Transcribe exactly the lines below that begin at the line with "同時,SEVP也給了學(xu" and stop after the line with "近日,由中國教育科學(xué", leaving out every picture.

#### [GIVEN DATA]
◆ ◆ ◆ ◆ ◆ ◆ ◆

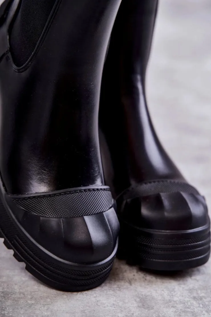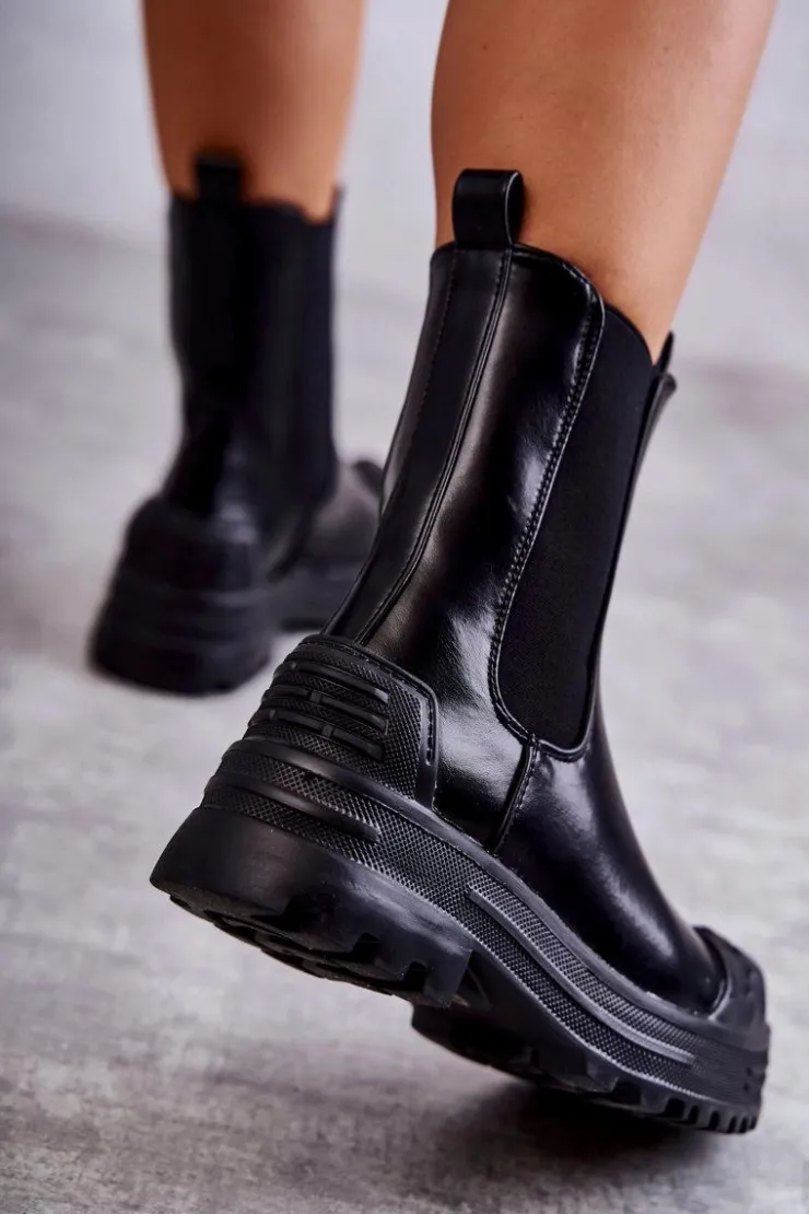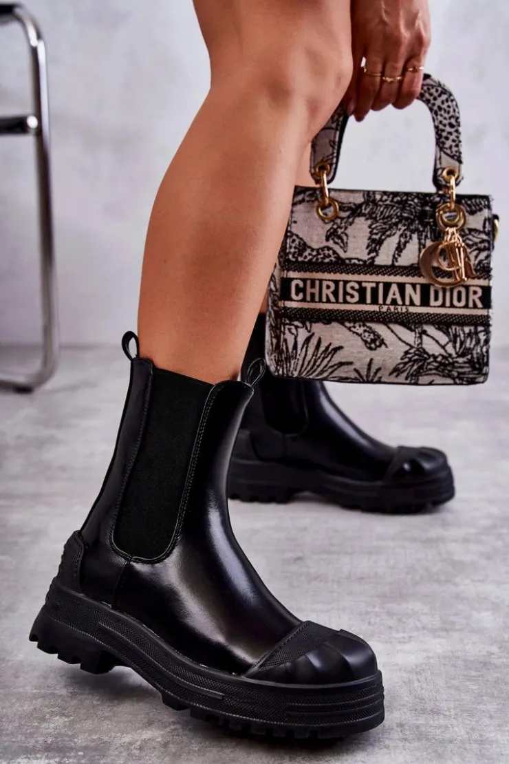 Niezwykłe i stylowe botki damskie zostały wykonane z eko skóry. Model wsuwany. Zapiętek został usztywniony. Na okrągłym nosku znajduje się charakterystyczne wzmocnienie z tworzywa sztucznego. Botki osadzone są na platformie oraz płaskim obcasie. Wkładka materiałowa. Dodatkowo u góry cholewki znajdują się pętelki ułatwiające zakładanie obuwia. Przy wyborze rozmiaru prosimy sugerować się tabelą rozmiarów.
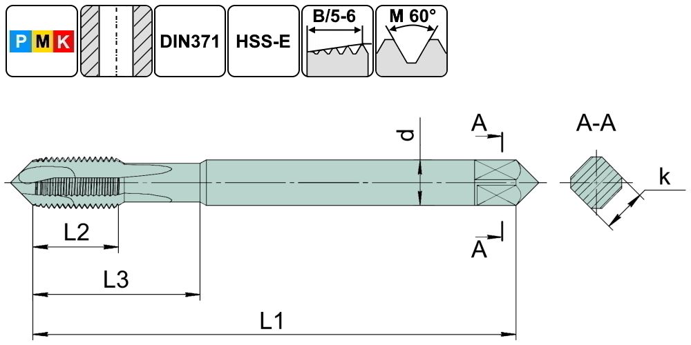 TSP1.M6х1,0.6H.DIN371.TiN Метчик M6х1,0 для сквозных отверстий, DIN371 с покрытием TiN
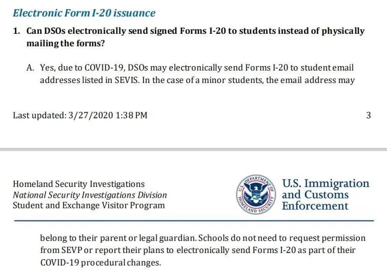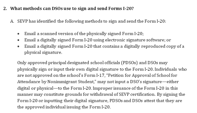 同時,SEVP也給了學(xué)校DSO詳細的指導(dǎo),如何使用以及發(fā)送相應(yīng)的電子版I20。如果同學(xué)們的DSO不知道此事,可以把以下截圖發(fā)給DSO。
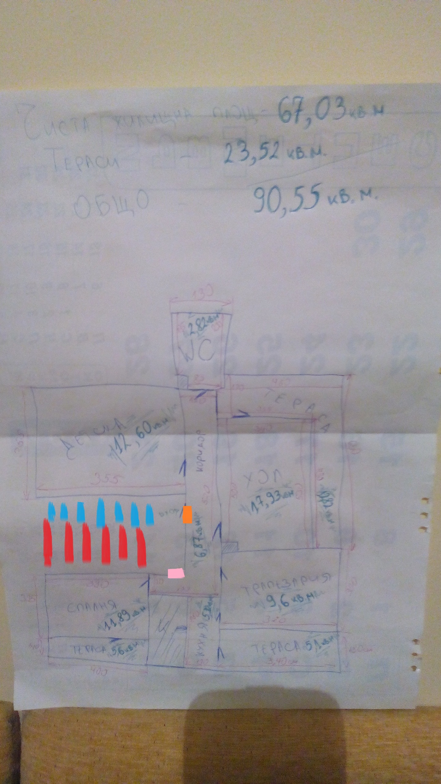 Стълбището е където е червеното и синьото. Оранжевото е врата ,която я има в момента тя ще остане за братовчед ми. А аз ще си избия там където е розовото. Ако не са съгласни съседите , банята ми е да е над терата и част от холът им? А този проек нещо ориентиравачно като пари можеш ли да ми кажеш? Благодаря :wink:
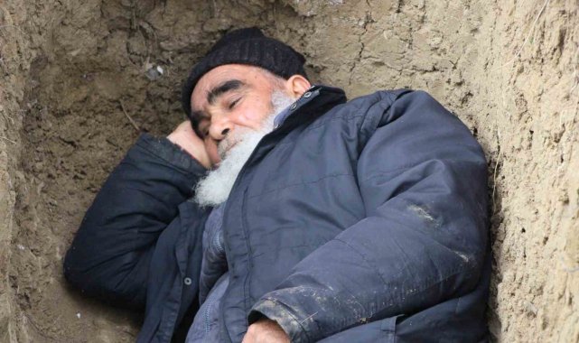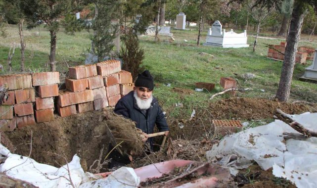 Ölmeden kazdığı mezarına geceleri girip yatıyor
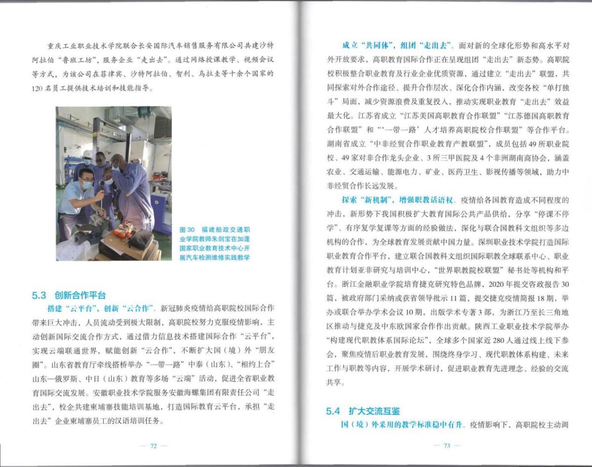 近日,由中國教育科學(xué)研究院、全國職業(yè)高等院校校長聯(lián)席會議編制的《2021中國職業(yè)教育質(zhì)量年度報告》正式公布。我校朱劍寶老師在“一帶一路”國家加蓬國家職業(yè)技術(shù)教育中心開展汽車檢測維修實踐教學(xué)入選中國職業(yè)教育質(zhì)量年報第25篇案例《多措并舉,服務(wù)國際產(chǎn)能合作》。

◆ ◆ ◆ ◆ ◆ ◆ ◆

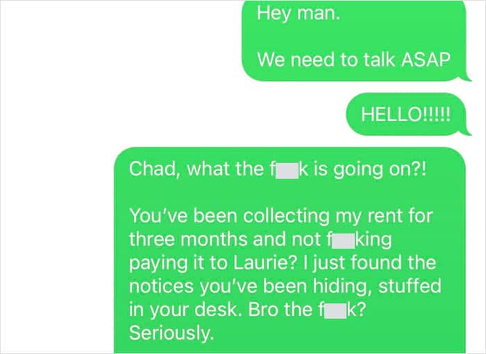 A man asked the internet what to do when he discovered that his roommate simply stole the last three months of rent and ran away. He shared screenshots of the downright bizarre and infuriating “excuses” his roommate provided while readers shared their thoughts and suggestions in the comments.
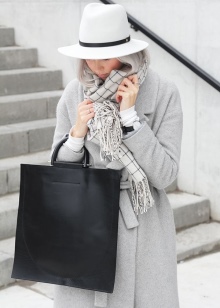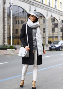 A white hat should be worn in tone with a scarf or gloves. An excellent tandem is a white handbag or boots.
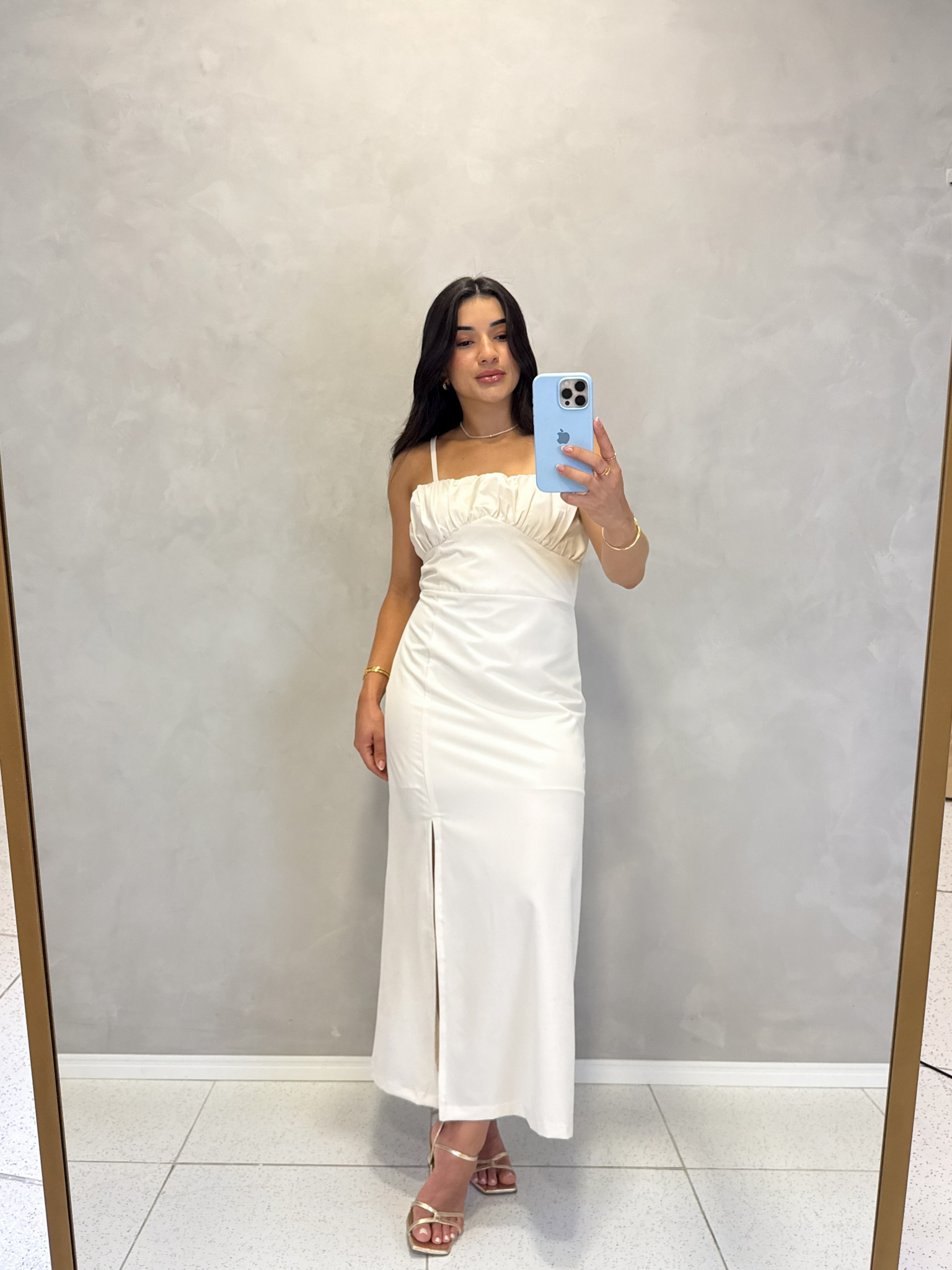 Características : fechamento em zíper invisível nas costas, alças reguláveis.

◆ ◆ ◆ ◆ ◆ ◆ ◆

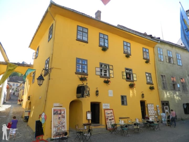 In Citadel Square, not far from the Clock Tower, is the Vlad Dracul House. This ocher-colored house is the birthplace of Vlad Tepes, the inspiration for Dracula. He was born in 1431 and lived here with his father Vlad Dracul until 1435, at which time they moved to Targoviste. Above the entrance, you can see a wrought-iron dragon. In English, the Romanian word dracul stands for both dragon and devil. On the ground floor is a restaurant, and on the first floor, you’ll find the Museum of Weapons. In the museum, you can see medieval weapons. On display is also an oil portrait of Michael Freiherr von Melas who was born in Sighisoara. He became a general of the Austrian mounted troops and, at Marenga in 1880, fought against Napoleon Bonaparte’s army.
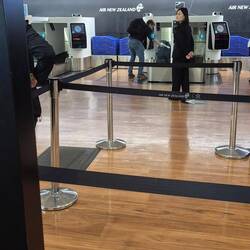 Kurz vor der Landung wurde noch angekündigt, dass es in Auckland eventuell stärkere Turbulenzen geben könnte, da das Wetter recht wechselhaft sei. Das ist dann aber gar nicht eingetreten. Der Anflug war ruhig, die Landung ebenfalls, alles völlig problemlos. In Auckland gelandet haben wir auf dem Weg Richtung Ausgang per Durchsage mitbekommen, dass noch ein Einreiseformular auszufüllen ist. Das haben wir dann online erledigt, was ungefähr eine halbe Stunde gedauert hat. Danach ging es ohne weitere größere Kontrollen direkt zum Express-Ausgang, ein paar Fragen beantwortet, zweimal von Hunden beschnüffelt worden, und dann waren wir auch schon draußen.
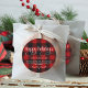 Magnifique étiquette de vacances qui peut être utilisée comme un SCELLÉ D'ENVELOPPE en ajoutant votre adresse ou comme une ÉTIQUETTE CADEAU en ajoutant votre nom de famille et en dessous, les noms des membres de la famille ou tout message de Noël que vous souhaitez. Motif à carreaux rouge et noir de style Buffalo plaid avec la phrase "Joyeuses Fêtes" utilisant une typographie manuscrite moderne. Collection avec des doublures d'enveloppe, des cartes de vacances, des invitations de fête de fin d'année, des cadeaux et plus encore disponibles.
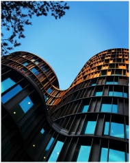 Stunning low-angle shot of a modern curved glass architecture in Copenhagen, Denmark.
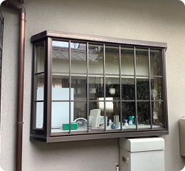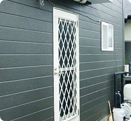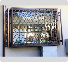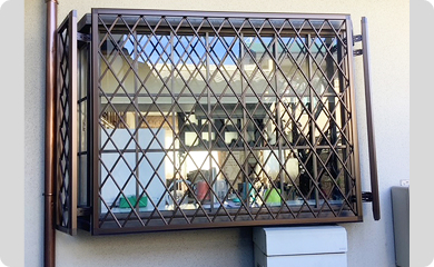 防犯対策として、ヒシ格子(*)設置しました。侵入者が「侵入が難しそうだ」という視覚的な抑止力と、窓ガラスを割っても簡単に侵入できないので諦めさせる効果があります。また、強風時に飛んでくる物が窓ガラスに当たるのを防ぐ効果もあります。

◆ ◆ ◆ ◆ ◆ ◆ ◆

#### [SOLUTION TO THIS PROBLEM]
 同時,SEVP也給了學(xué)校DSO詳細的指導(dǎo),如何使用以及發(fā)送相應(yīng)的電子版I20。如果同學(xué)們的DSO不知道此事,可以把以下截圖發(fā)給DSO。
 Стълбището е където е червеното и синьото. Оранжевото е врата ,която я има в момента тя ще остане за братовчед ми. А аз ще си избия там където е розовото. Ако не са съгласни съседите , банята ми е да е над терата и част от холът им? А този проек нещо ориентиравачно като пари можеш ли да ми кажеш? Благодаря :wink:
 Ölmeden kazdığı mezarına geceleri girip yatıyor
 近日,由中國教育科學(xué)研究院、全國職業(yè)高等院校校長聯(lián)席會議編制的《2021中國職業(yè)教育質(zhì)量年度報告》正式公布。我校朱劍寶老師在“一帶一路”國家加蓬國家職業(yè)技術(shù)教育中心開展汽車檢測維修實踐教學(xué)入選中國職業(yè)教育質(zhì)量年報第25篇案例《多措并舉,服務(wù)國際產(chǎn)能合作》。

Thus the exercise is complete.